Host laboratory: Fire Experimental Laboratory (LEF)
Beggining of the thesis: February 2012
Student name: Arnaud Brunner
Description of the subject
A fire that breaks out in a nuclear facility can lead to under-ventilated fires. An increase in the overall production of soot generally ensues on account of the vitiation of the surrounding environment. This in return modifies the retroaction of the radiation of the flame towards the combustible material and thus influences the pyrolysis process. It is consequently necessary to understand the effects on combustion parameters of the level of oxygen surrounding the fire. The main parameters that influence combustion are the soots and gases stemming from the combustion, the rate of pyrolysis of the combustible material, the radiative transfer of the flame towards its environment and in return on the combustible material, as well as the temperature and the geometry of the flame.
Most of the models currently used in calculation codes rely on experimental data obtained in the main from tests carried out in laboratory cone calorimeters. The pyrolysis mechanisms are governed by heat transfer by radiation and by convection at the surface of the combustible material. The dominant mechanisms are convective transfer for combustible materials of small dimensions and radiative transfer for those of large dimensions. For pool fires, the transition between the two regimes takes place around a diameter of 0.2 m. For the dimensions tested on laboratory calorimeters, the regime is mainly convective and an external input of radiation is necessary in order to get closer to the real situations of a fire.
In order to exploit these results on a real scale, it is necessary to evaluate the influence of scale effects. The most conventional approach for dealing with this aspect is to carry out tests for the different characteristic dimensions of the combustible material and thus to determine a behavioural law. This approach, applied to pool fires in open environments, is more difficult to implement for studies under controlled atmosphere due to the difficulties of maintaining a uniform distribution of the oxidant around the centre of the fire and the difficulties of carrying out tests on a larger scale.
The objective is to study the effects of under-ventilation on the combustion parameters in dominant radiative regime. Under-ventilation consists in reducing the oxygen content of the oxidant. The dominant radiative regime approach consists in carrying out tests with fire centres of characteristic dimensions greater than 0.2 m.
We propose carrying out representative tests of real fires in a confined calorimeter environment under controlled atmosphere on a medium scale. The test apparatus set up within IRSN will make it possible to build up a unique experimental data base on combustion parameters. The combustion products emitted from the device (CO, CO2, unburned material) will be analysed, the concentration and the morphologies of the soot will be measured and an evaluation of the radiative transfer of the flame will be carried out and its overall geometry will be studied. The techniques for measuring the combustion parameters of interest either already exist or need to be developed within the context of the PhD work.

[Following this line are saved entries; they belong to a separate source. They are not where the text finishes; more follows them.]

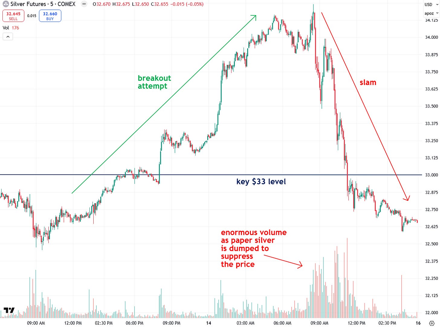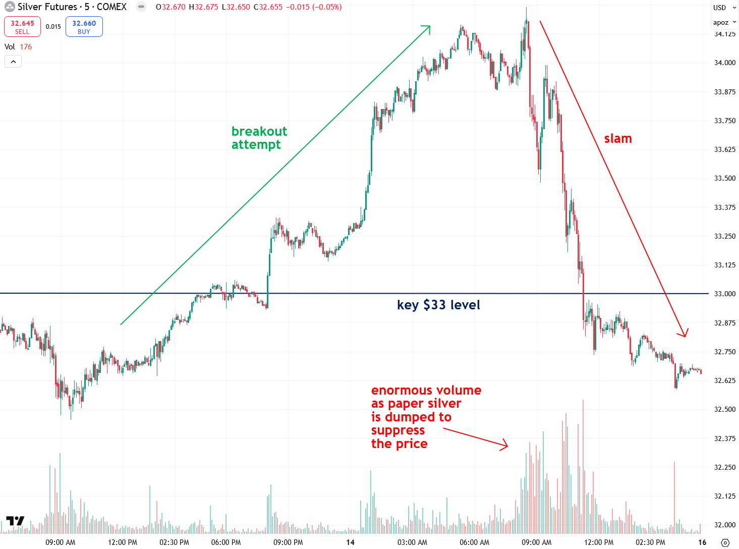 The intraday price chart highlights silver’s attempt to break above the critical $33 level, only to be swiftly pushed back below it. A massive surge in trading volume accompanied this move, signaling the large-scale dumping of unbacked “paper” silver in the form of futures contracts—an apparent effort to suppress the price. It’s important to note that this wasn’t physical silver flooding the market, but rather paper silver being used to exert downward pressure.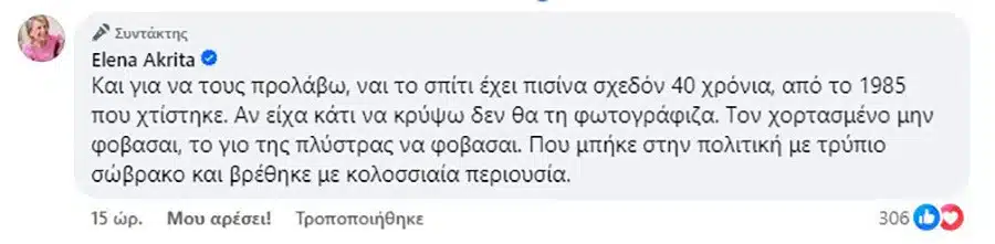 «Και για να τους προλάβω, ναι το σπίτι έχει πισίνα σχεδόν 40 χρόνια, από το 1985 που χτίστηκε. Αν είχα κάτι να κρύψω δεν θα τη φωτογράφιζα. Τον χορτασμένο μην φοβάσαι, το γιο της πλύστρας να φοβάσαι. Που μπήκε στην πολιτική με τρύπιο σώβρακο και βρέθηκε με κολοσσιαία περιουσία».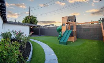 This stunning boasts 5 bedrooms and 3 baths, featuring beautiful all-new remodeling and furniture. Step into the gated backyard, where you'll find a paradise of patio furniture, a luxurious and meticulously landscaped surroundings that the owner has spent nearly 2 yrs perfecting. Just 2 mi from Disneyland, and conveniently close to Knott Berry Farm, top-notch restaurants, supermarkets, and all the attractions you desire, this is the ideal vacation spot for families groups alike.
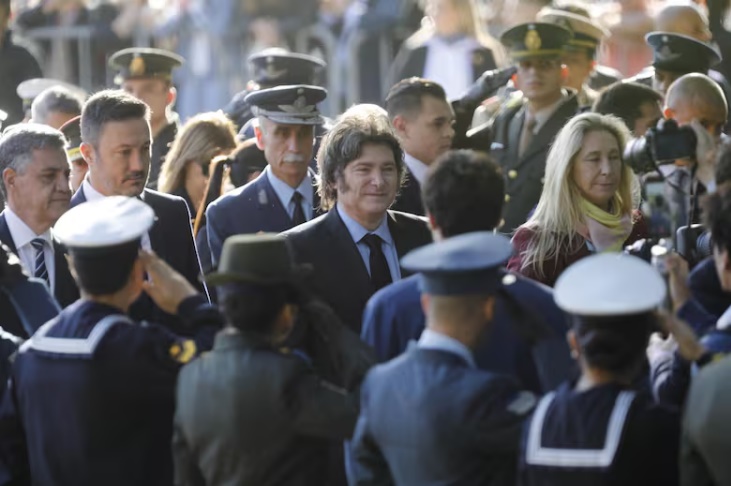 Al llegar, Milei atravesó un pasillo acompañado por su hermana, la secretaria general de la Presidencia, Karina Milei. Lo recibió el jefe de Gobierno porteño, Jorge Macri. Ambos mandatarios, junto a una comitiva de funcionarios nacionales, primero realizaron un saludo en la placa del “soldado desconocido”. Después colocaron una ofrenda floral al pie del monumento a los héroes y se hizo un minuto de silencio. A diferencia de otros años, hubo poca gente y se desplegó un importante operativo de seguridad.
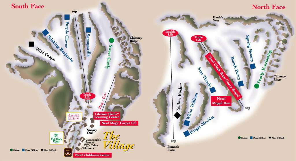 There are 10 trails (9 downhill ski runs) at the ski resort that range from beginner to intermediate, served by 2 lifts. The resort averages 50 inches of snowfall and 100 days skiable. With a summit of 3,200ft, the mountain offers 700 feet of vertical drop. The longest run is 4,200 feet.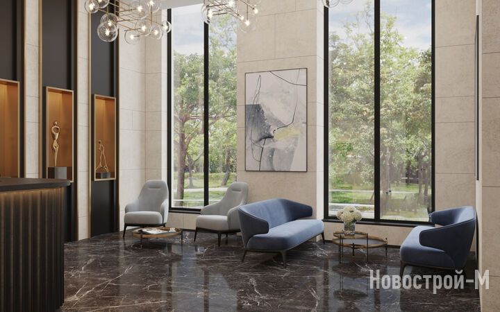 Стиль ар-деко продолжается и во внутренней отделке: декоративные элементы присутствуют в лобби, коридорах и паркинге. Лобби представляют собой функциональные пространства с дизайнерским ремонтом и мебелью: здесь есть уютная зона ожидания с камином, ресепшн с круглосуточным консьерж-сервисом, гостевой санузел и колясочная. Для декорирования стен лобби использованы элементы из латуни, а также более темные акцентные украшения, которые перекликаются с архитектурной концепцией проекта.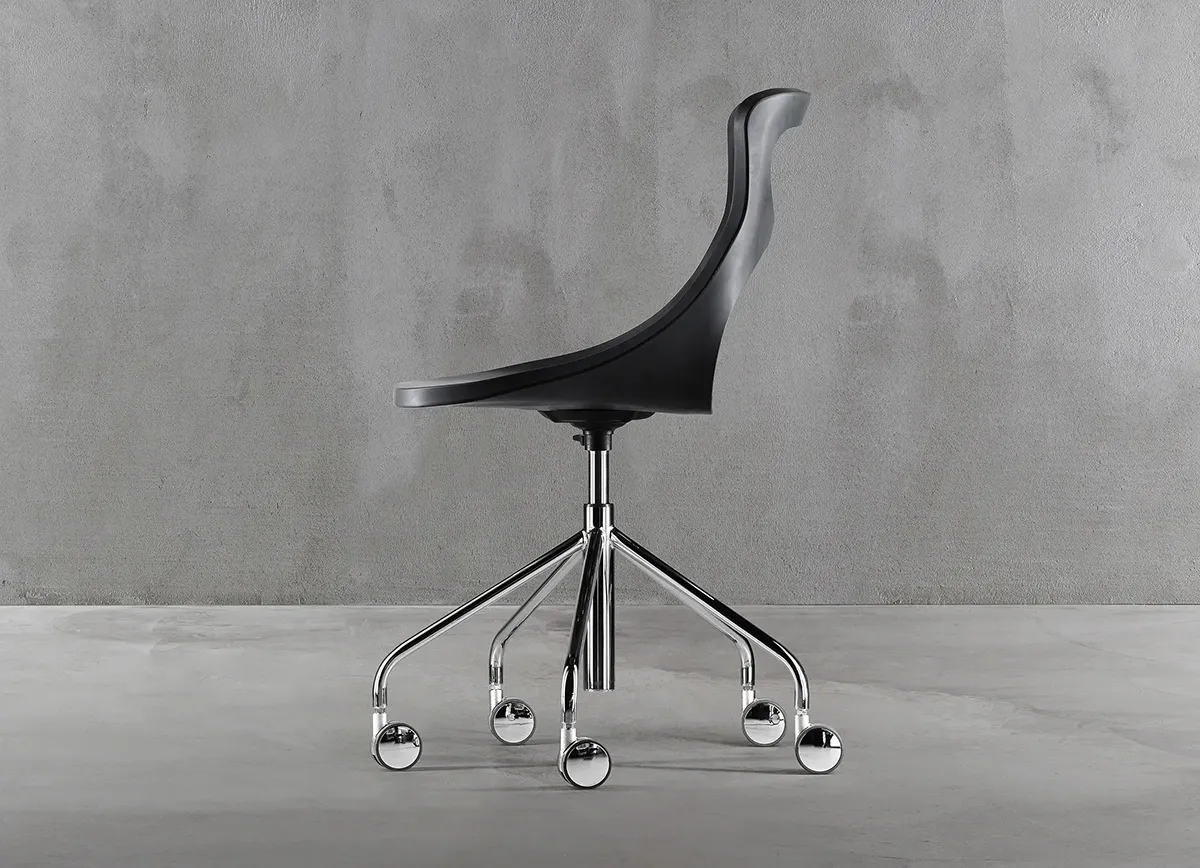 The Supersonic collection embodies Dahlström’s unique design philosophy, merging his acclaimed graphic design background with three-dimensional furniture innovation. The result is a chair that speaks to both form and function, featuring a distinctive chrome-plated metal structure that serves as both aesthetic statement and ergonomic foundation.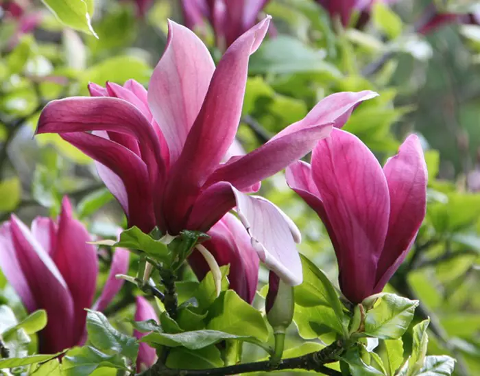 Magnolia liliiflora 'Nigra' ist ein langsam und breit wachsender, buschiger mehrstämmiger Baum.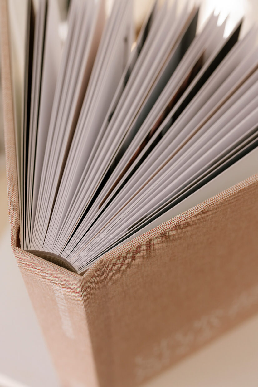 I design each album personally with a storytelling approach, telling a little about each part of your day. As part of the design process, you are given access to the online design to provide three rounds of feedback so you are super happy with the finished product before sending it off to be printed and hand bound.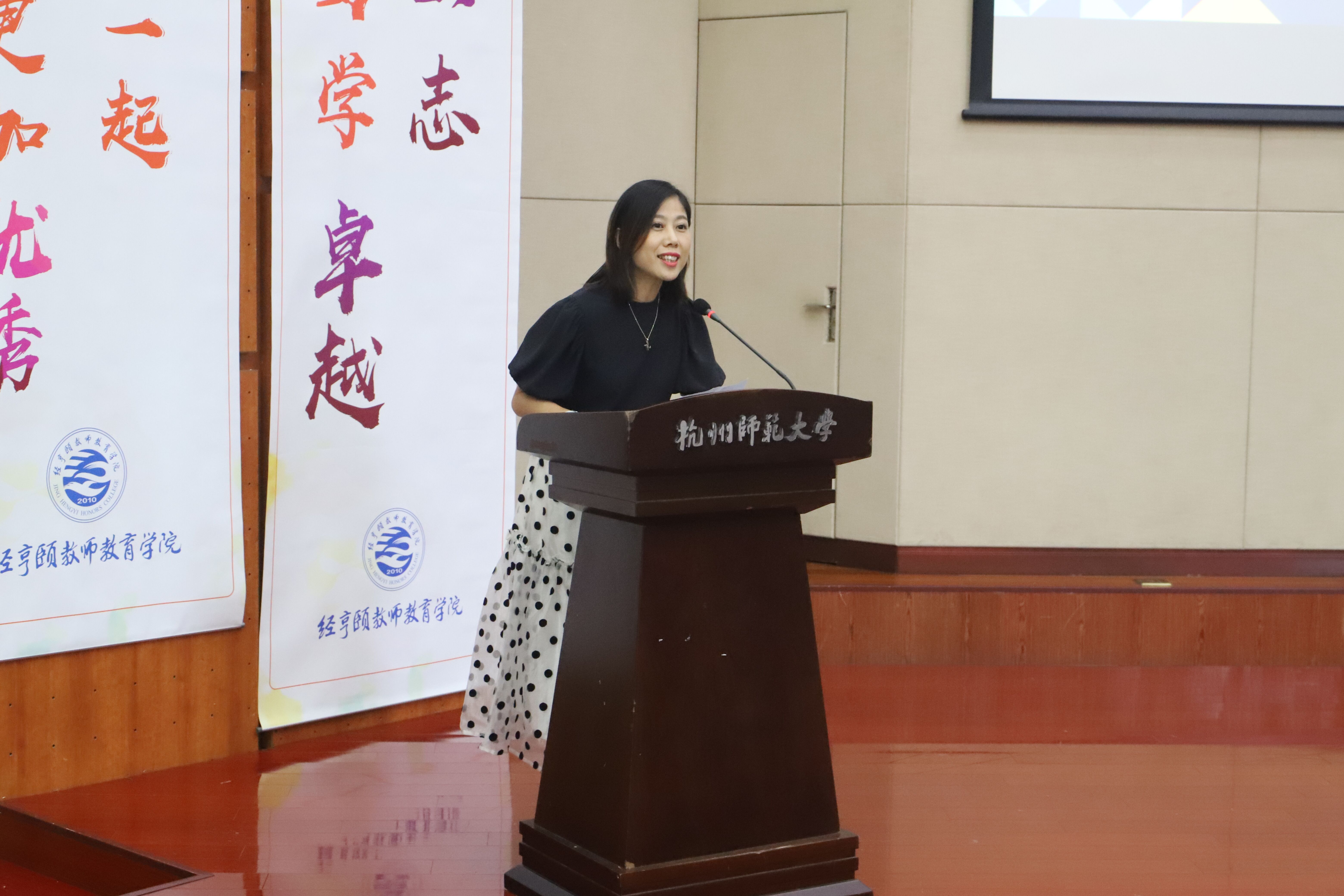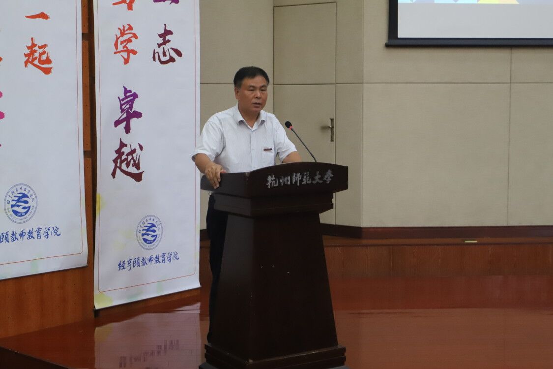 郑生勇致辞,他代表学院向新同学表达热烈的欢迎和美好的祝愿。他强调,身为经亨颐教师教育学院的一员,大家应该做到三个“合一”,即心术合一、学思合一和知行合一,新同学们要学会用创新思维来对待自己的大学生活,更要时刻牢记自己为何而来。他希望,在大学里同学们不仅收获优异的成绩,还能拓宽自己的视野,形成正确的价值观、人生观和世界观。

After a bibliographic study, the work will consist in an experimental and metrological qualification of the calorimeter. In order to be free of pyrolysis, a first series of tests will be carried out on gaseous combustible materials. These flame-free measurements under stationary conditions will enable, in the first instance, the limits of validity of existing models on combustion parameters in under-ventilated environments to be determined. The work will then be extended to include other series of tests conducted using liquid and solid combustible materials. These experimental results will in parallel serve for the development and the validation of combustion and radiation models.